Fr David Barrins expressed concerns that UCC in particular “does not wish to have a plurality of opinions properly represented on campus”.
Fr Barrins said: “There is growing intolerance in the Students Union and the student body to student views that are pro-life or Catholic.
“If you dissent from the prevailing liberal orthodoxy, then there is no place for you to be represented on campus. Indeed you are met with derision and, intolerance,” he said.
Fr Barrins comments came after it was revealed that ‘Love Life’, a student-led pro-life organisation, has been repeatedly denied recognition by the UCC Societies Guild as an official college society.
The Laurentian Catholic society in Trinity College Dublin has been repeatedly warned that it should not use college funds to organise prayer meetings but should instead operate as a kind of Catholic cultural society.
Yet, not one of the Irish commentariat or political establishment bats an eyelid. In short, many of the people chanting and tweeting “Je suis Charlie” in Ireland are quite supportive of subtle forms of censorship of views they don’t like.
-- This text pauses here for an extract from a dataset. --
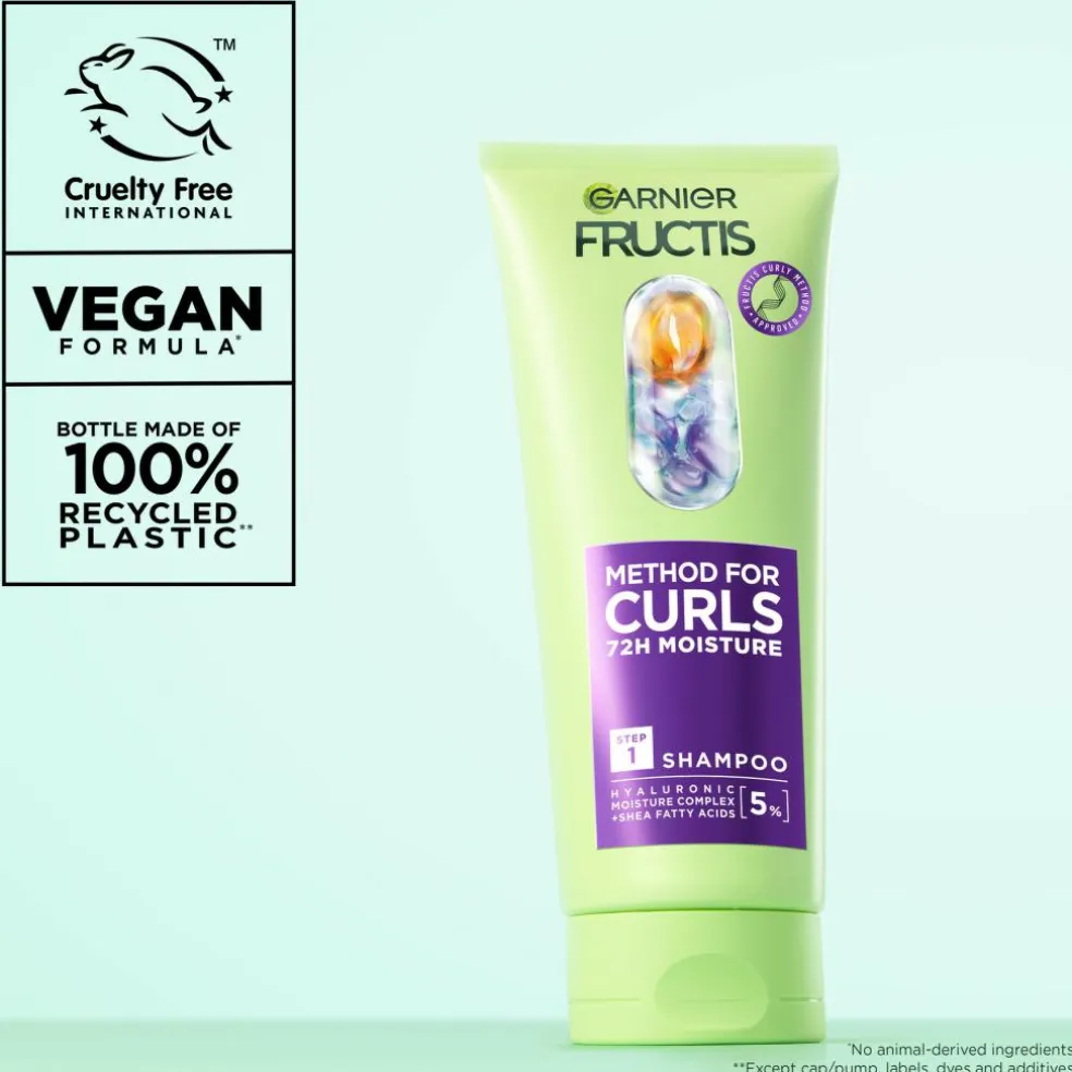 Testet på forskellige typer krøller, Curly Fructis Method-godkendt! Fuldfør rutinen med Fructis Method for Curls N°0 fugtgivende pre-shampoo, n°2 intenst fugtgivende maske og n°3 opfriskende spray.

Satire, in general, is virtually non-existent in Ireland. What does pass for satire is bland and crippled with political correctness. Except, of course, when it comes to the Catholic Church in which case people go out of their way to offend Catholics.
Freedom of expression is one of those things that a lot of people support in principle, but many people have difficulties when it offends against their particular ‘sacred cow’. We hear talk of ‘hate speech’ and attempts by politicians led by Minister Aodhán Ó Ríordáin to set limits on what people can and can’t say and make the voicing of certain opinions illegal.
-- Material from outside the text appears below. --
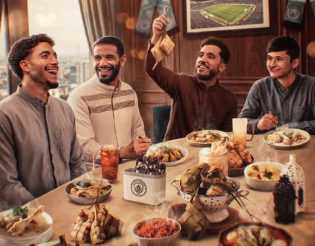 Tak ketinggalan, Manchester City memilih pendekatan desain yang Berkelas, memadukan warna biru khas Regu Bersama aksen tulisan emas serta ornamen bernuansa Islami.
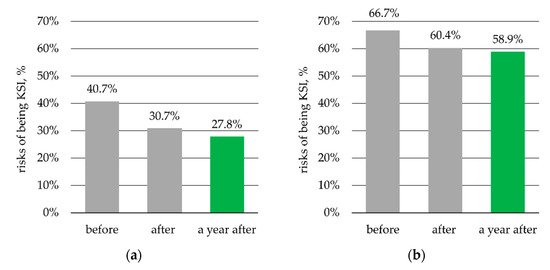 Apart from the regression, the average speeds for the periods before, immediately after and a year after were calculated in order to determine the probabilities of a pedestrian being killed or severely injured (KSI) based on the curve presented in Figure 1. They are shown in Table 7. The KSI probabilities for the periods before, immediately after and a year after are shown in Figure 9.

There have been loud voices calling for the repeal of Ireland’s blasphemy law. This seems like a sensible proposal. We must be careful, however, that we do not end up in a situation where the ban on religious blasphemy is replaced by a form of secular blasphemy law where certain opinions – some of them without doubt distasteful and downright nasty – are made illegal.
One does not have a right not to be offended. We must stand with the French people in their mourning, and we must stand for their cherished principle of liberté.